Part (3) is a little bit more involved than the rest, lets explore it.

applyIoOnList

-- | Try to apply an IO function on a list of values, document successes and failures
applyIoOnList :: (a -> IO b) -> [a] -> IO [(a, Either String b)]
applyIoOnList action files = do
  for files $ \file -> do
    maybeContent <-
      catch
        (Right <$> action file)
        ( \(SomeException e) -> do
          pure $ Left (displayException e)
        )
    pure (file, maybeContent)

applyIoOnList is a higher order function that applies a particular IO function (in our case readFile) on a list of things (In our case FilePaths), and for each thing, it returns the thing itself along with the result of applying the IO function as an Either, where the Left side is a String representation of an error if one occurred.

Notice how much the type of this function tells us about what it might do.

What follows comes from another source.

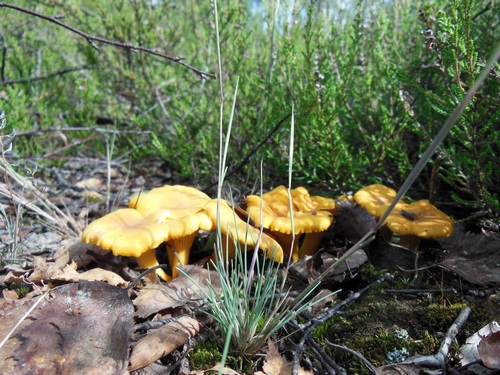 Foto: Sie stehen überall, manchmal sogar in Reih' und Glied, die herrlichen Pfifferlinge; in den Kiefernschonungen, im Moos, auf lichten Waldwegen oder, wie hier, im Heidekraut. Schön hat Helga den kleinen stolzen Trupp in Szene gesetzt!

Because the types are polymorphic, there is nothing else to do with with the as other than apply them to the function, and nowhere to generate b from other than the result of the function.

Note: when I first wrote this function, it was specialized to work only on readFile, take specifically [FilePath] and return IO [(FilePath, Either String String)]. But after running into other use cases where I could use it (writeFiles and copyFiles) I refactored out the action, the input type and the return type.

This function uses exceptions to catch any error that might be thrown, and encodes both the failure and success cases in the type system using Either, delaying the handling of exceptions to the caller of the function while making sure it won't be forgotten!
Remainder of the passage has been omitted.